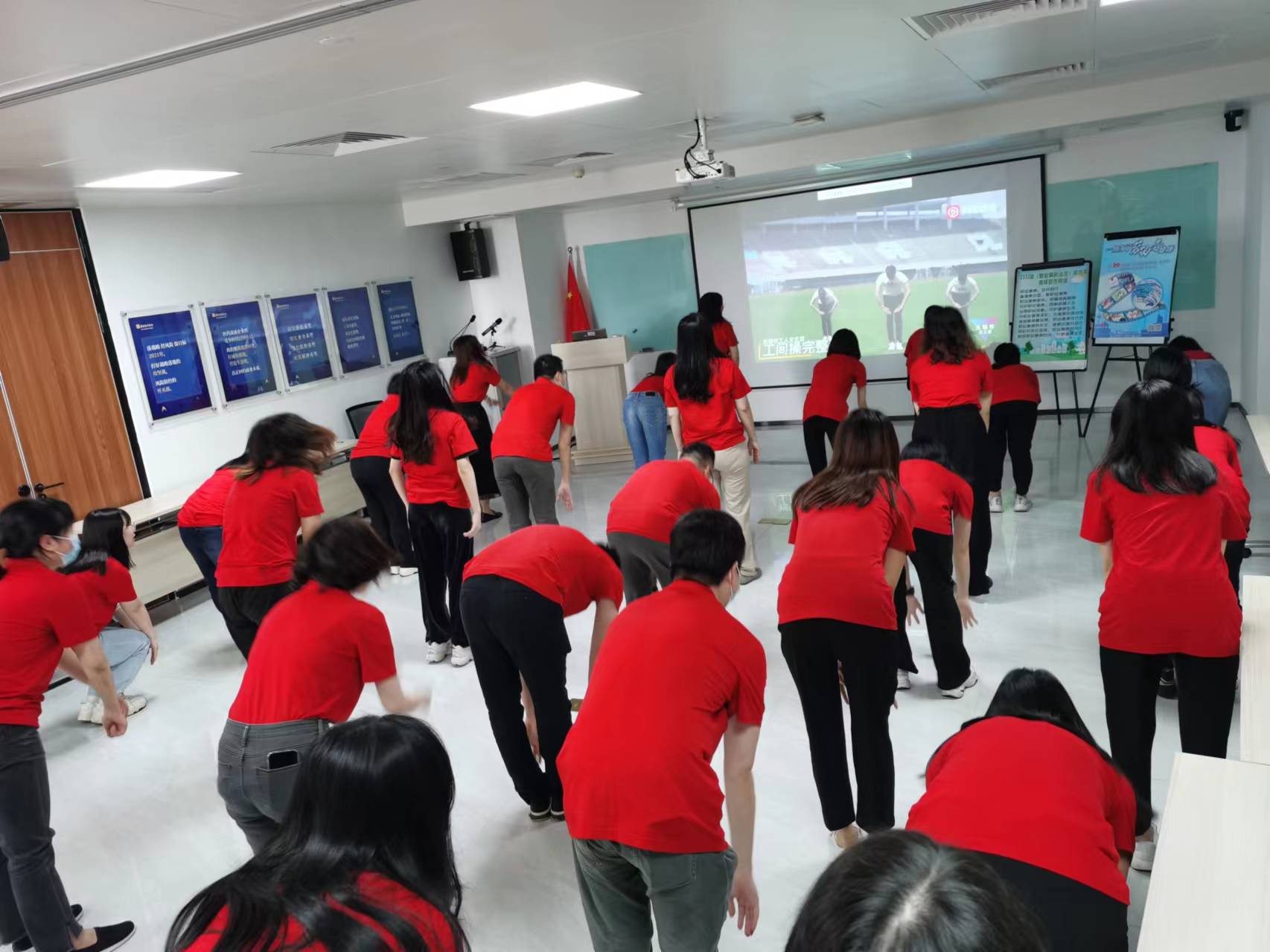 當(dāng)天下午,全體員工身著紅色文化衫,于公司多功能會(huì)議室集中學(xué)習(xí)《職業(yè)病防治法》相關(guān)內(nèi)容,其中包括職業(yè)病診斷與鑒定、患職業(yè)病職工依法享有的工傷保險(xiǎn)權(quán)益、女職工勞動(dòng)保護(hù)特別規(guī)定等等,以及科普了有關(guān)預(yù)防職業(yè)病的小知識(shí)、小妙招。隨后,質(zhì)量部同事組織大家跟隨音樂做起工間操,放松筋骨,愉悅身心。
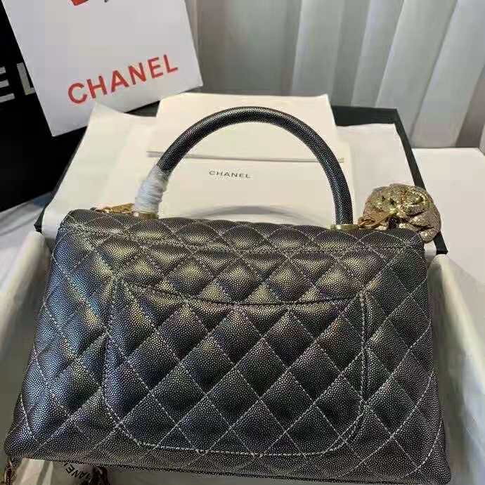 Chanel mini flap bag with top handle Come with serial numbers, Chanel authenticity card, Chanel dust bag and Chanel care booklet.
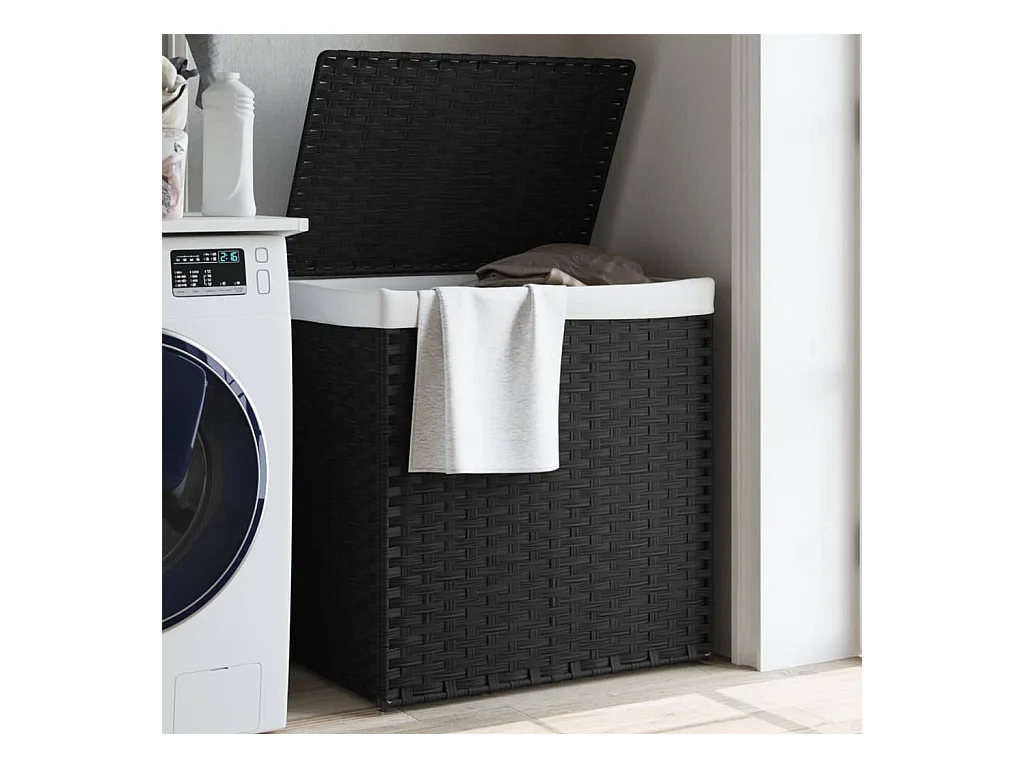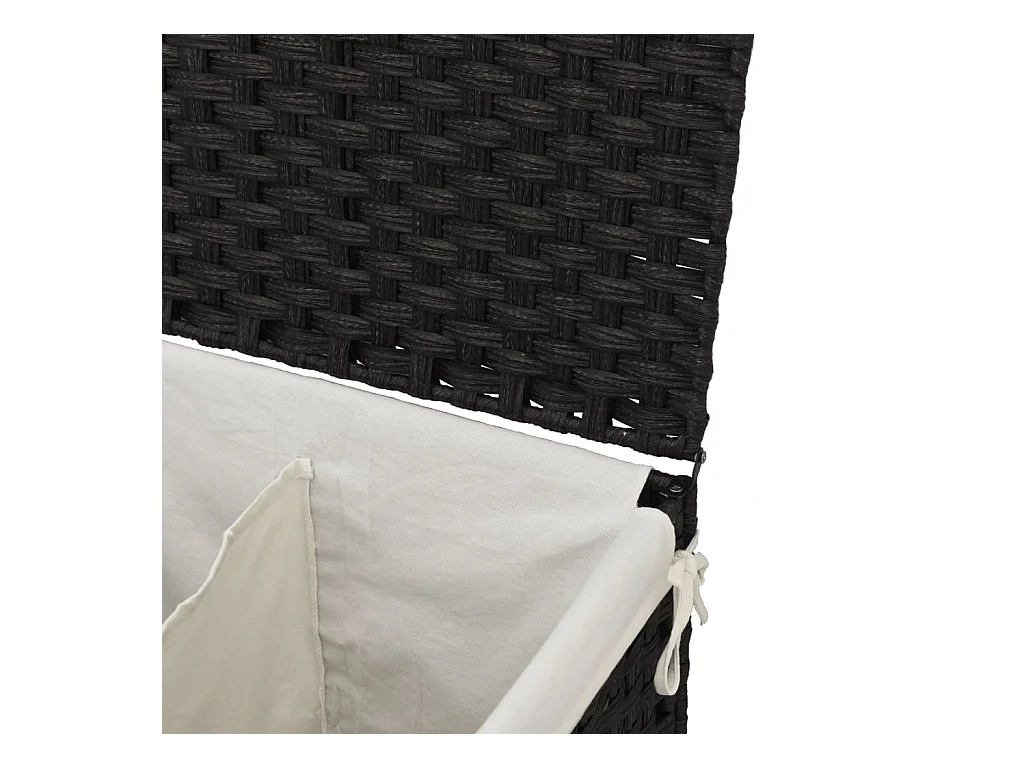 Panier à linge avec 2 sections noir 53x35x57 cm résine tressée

========================================================================

### WORK ORDER
Exactly as they appear above, print all the lines, but not the pictures.

### COMPLETED EXERCISE
 當(dāng)天下午,全體員工身著紅色文化衫,于公司多功能會(huì)議室集中學(xué)習(xí)《職業(yè)病防治法》相關(guān)內(nèi)容,其中包括職業(yè)病診斷與鑒定、患職業(yè)病職工依法享有的工傷保險(xiǎn)權(quán)益、女職工勞動(dòng)保護(hù)特別規(guī)定等等,以及科普了有關(guān)預(yù)防職業(yè)病的小知識(shí)、小妙招。隨后,質(zhì)量部同事組織大家跟隨音樂做起工間操,放松筋骨,愉悅身心。
 Chanel mini flap bag with top handle Come with serial numbers, Chanel authenticity card, Chanel dust bag and Chanel care booklet.
 Panier à linge avec 2 sections noir 53x35x57 cm résine tressée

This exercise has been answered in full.